Advanced data modeling from NoSQL

In this chapter you will understand the principles of the newly introduced feature available starting from version 1.4 specifically designed for a wide range of data modeling/data transformation applications: we named this feature Advanced Data Modeling. All of the operations involved in those features are performed on the fly without involving local caches or any form of persistence inside Gluesync, this makes the overall process faster, more secure and more consistent.

Data modeling in Gluesync makes use of what we call virtual entities, if you’re not familiar with it we suggest having a look at this page, it will take less than 1 minute to read.

Advanced data modeling

When we designed the new data modeling feature we took into consideration a few main aspects, like:

  • freedom to define relationships between tables;

  • Choose either data should be represented nested in different levels of deep or just flat;

  • compatibility across multiple sources: not only RDBMS but also NoSQL databases;

  • easiness to hand-write but also future-proof when it will be managed via an API / GUI;

  • fast to compute;

  • no new language to learn: SQL-like statements easy to recall;

  • easy to extend in the future;

Taking these as main principles we come up with a meta-description language that is now the core foundation of that functionality.

See it in action here in this video:

The meta description language

The description language helps you define what will be the content of your virtual entity that will then become tables-rows-columns objects.
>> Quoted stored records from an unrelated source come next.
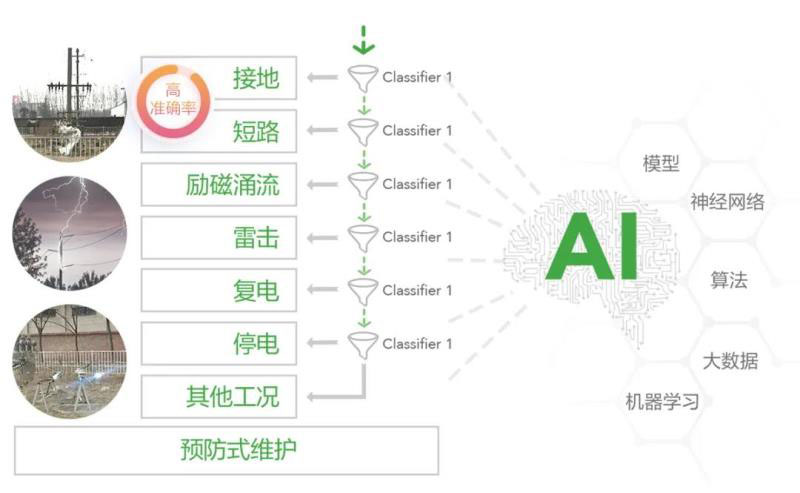 “云”側(cè)實現(xiàn)故障定位。通過將AI技術(shù)主要應(yīng)用于平臺端的智能大數(shù)據(jù)綜合分析系統(tǒng),實現(xiàn)線路故障區(qū)段精準(zhǔn)定位、線路工況識別、線路故障分類以及未來將要實現(xiàn)的故障預(yù)測等。最終,平臺還會把故障定位結(jié)果以短信和手機(jī)APP消息推送的方式發(fā)送給線路運檢人員,幫助他們快速查找到故障點。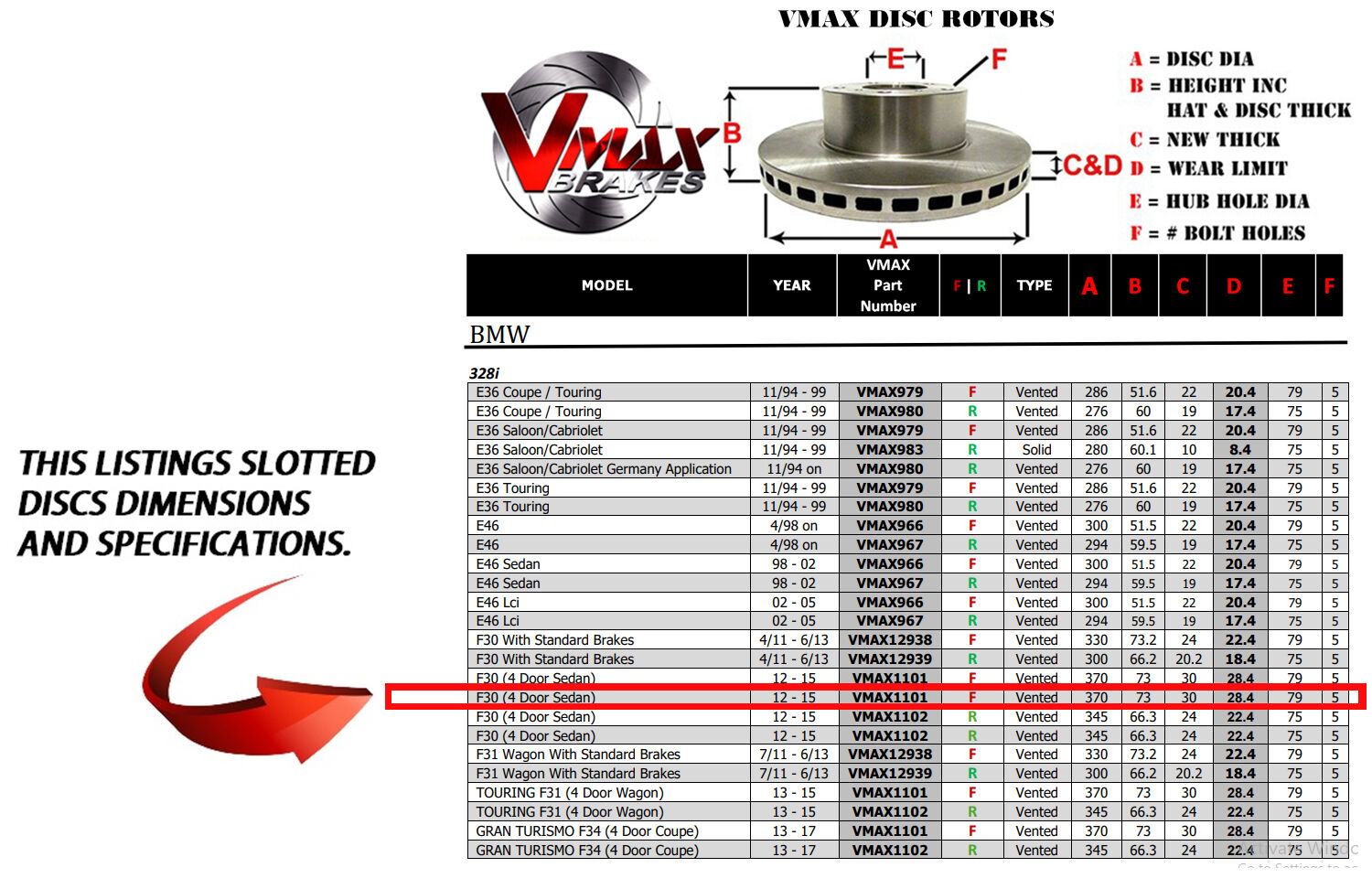 This sale is for a new pair (2 disc rotors) of Genuine VMAX Dimple Drilled & Slotted Performance Front Disc Brake Rotors to suit BMW 328i F30 (4 Door Sedan) models built 2012 till 2015 and are a direct replacement item.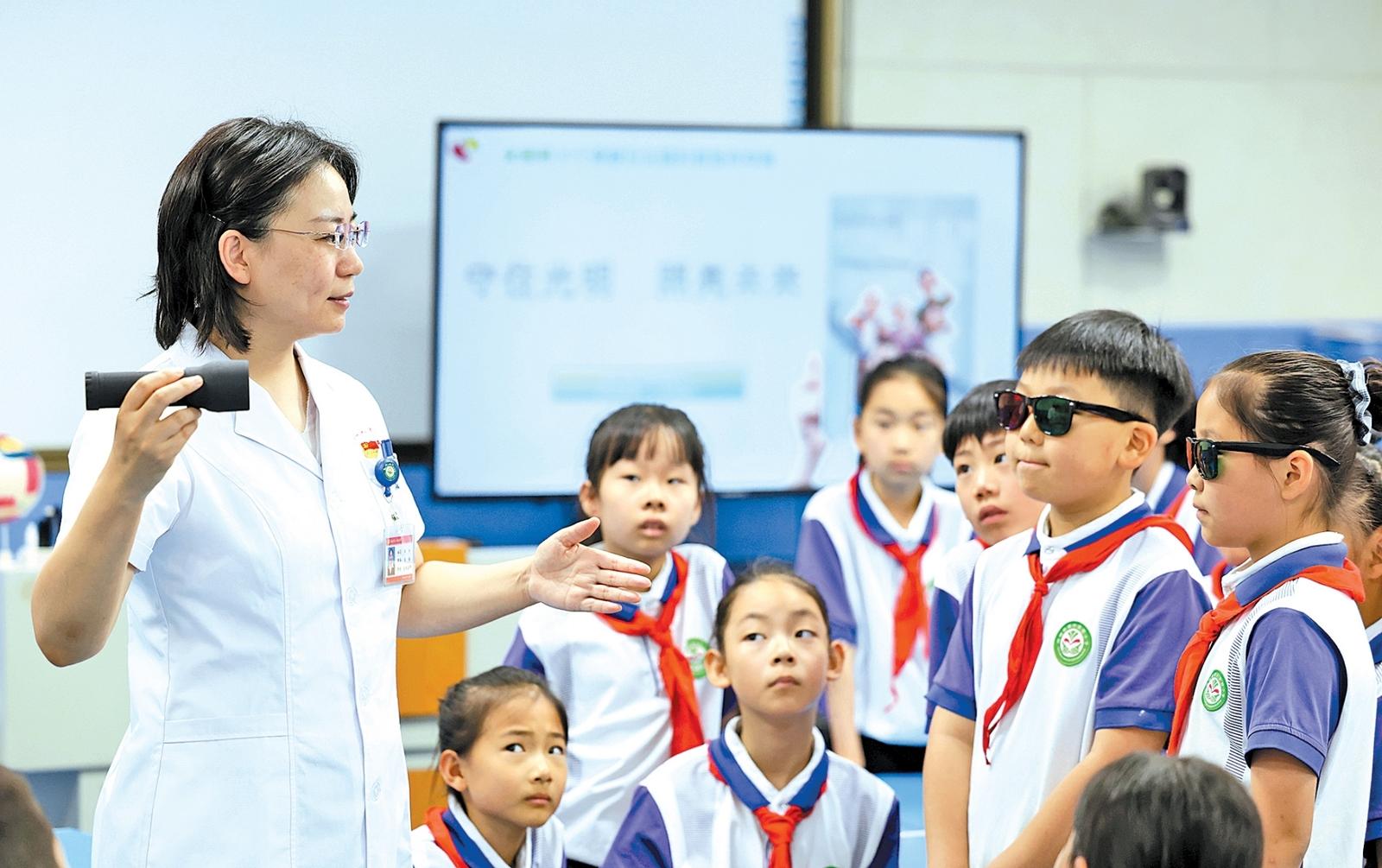 6月5日,山东省临沂市郯城县第六实验小学开展“爱眼知识进课堂”活动,郯城县第一人民医院眼科医生为小学生检查视功能。 全国爱眼日将至,各地开展形式多样的活动,普及健康用眼知识,增强爱眼护眼意识。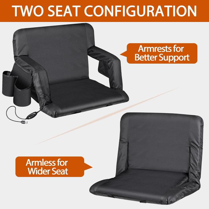 Versatile Outdoor Use: Perfect for a variety of venues, this heated stadium chair is ideal for sports events, camping, beach outings, and more, ensuring you stay comfortable wherever you go.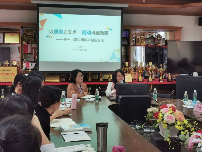 第四環節是古一小學丁曉彤老師對科組教研活動開展的經驗報告。丁老師將“以課題為支點,撬動科組教研”的寶貴經驗毫無保留地分享給在座的老師。介紹了他們從小課題到大課題,從學校走向省市,利用研究課題的契機,轉變教學理念,學習新型教學工具,提升教師們的業務能力。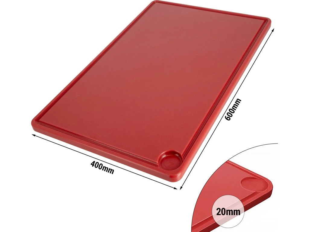 Deska do krojenia z rowkiem na sok - 400x600mm - Grubość 20mm - Czerwona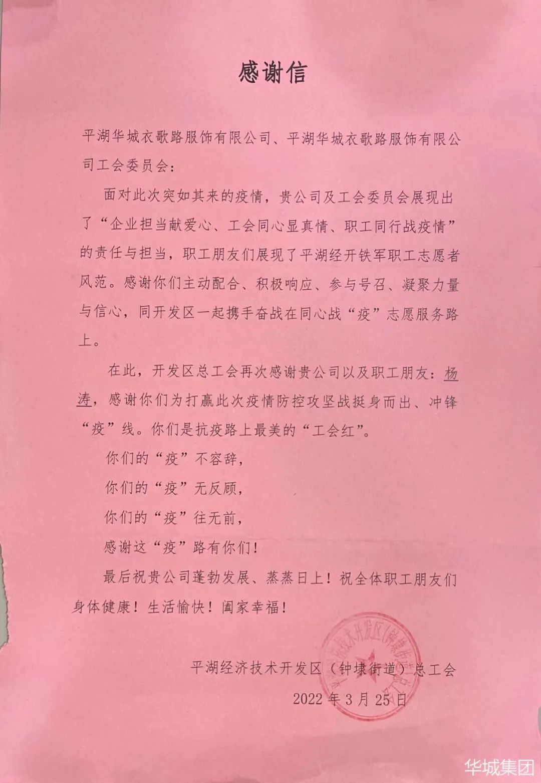 當(dāng)前位置:首頁 > 華城動態(tài)日前,一封來自平湖經(jīng)濟(jì)技術(shù)開發(fā)區(qū)(鐘埭街道)總工會的感謝信,被送到了華城衣歌路。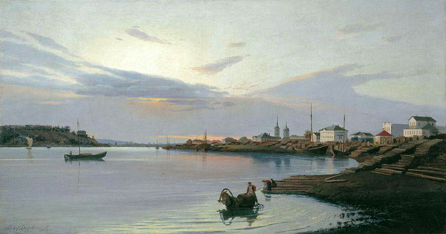 Николай Флорианович Добровольский (1837-1900). Набережная Ангары в Иркутске. 1886 год. Холст, масло. Иркутский художественный музей.

Here following is the list of available commands and their description:

Key Description Accepted values

level

Level of deep of parenthood for JSON objects

1 or 2

name

Defines the name of the entity

string

tables

Array of tables that are involved in a JOIN-like statement, each table is described using these elements here on the left

Key Description Accepted values

table

Name of the table involved

string

fields

Object representing the list of columns that will selected and used for the output. The mapping works exactly as per the basic config of Gluesync: values are the resulting target’s names used as table’s columns

{
  "id": "id",
  "order_number": "order_number",
  "notes": "notes"
}

alias

(optional) Value used by the query engine to distinguish between repeated usages of the same table in the same context

string

where

(optional) Same per standard SQL language, specifies the clause applied to the filter

string, ex. status = 1

fromTable

Represent the master table name that is involved in your query

boolean (true or false), defaults to false

join

Recalls standard SQL-like JOIN statement, specifies the table that has to be joined together in this context. It automatically manages the traverse of relationships between tables' foreign keys (if any).

{
  "with": "orders_headers"
}

keys

Map of keys/values representing the keys and their aliases for the JSON

{
  "customerId": "id_customer"
}

Bring everything together

Following a virtual entity defined using the above keys:

"order": {
  "dataModeling": [
      {
        "level": 1,
        "name": "orders",
        "tables":
        [
          {
            "table": "orders_headers",
            "fields":
            {
              "id": "id",
              "order_number": "order_number",
              "notes": "notes"
            },
            "alias": "oh",
            "where": "status = 1",
            "fromTable": true
          },
          {
            "table": "customers",
            "fields":
            {
              "name": "name",
              "surname": "surname",
              "phone": "phone"
            },
            "alias": "c",
            "join":
            {
              "with": "orders_headers"
            }
          }
        ]
      },
      {
        "level": 1,
        "name": "address",
        "tables":
        [
          {
            "table": "addresses",
            "fields":
            {
              "street": "street",
              "street_number": "street_number",
              "city": "city",
              "postal_code": "postal_code"
            },
            "alias": "ad",
            "join":
            {
              "with": "orders_headers"
            }
          }
        ]
      },
      {
        "level": 2,
        "name": "order_rows",
        "tables":
        [
          {
            "table": "orders_rows",
            "fields":
            {
              "id": "row_id",
              "order_id": "order_id",
              "quantity": "quantity",
              "notes": "row_notes"
            },
            "alias": "o",
            "join":
            {
              "with": "orders_headers"
            }
          },
          {
            "table": "articles",
            "fields":
            {
              "article_name": "article_name",
              "description": "description"
            },
            "alias": "a",
            "join":
            {
              "with": "orders_rows"
            }
          }
        ]
      }
    ],
  "type": "order",
  "scope": "myscope"
}

As a result in your RDBMS database you’ll have:

an example of Advanced data modelling output result

Key fields involved in Advanced data modeling

  • dataModeling: the key that tells the engine how to treat the following object, specifying that key enables Advanced data modeling over the object;

  • type: every modeled document stored on the target database will have a key called type with the given custom value;

  • scope (optional): will be used as source/target scope in NoSQL databases supporting this kind of data tenancy, like Couchbase for example.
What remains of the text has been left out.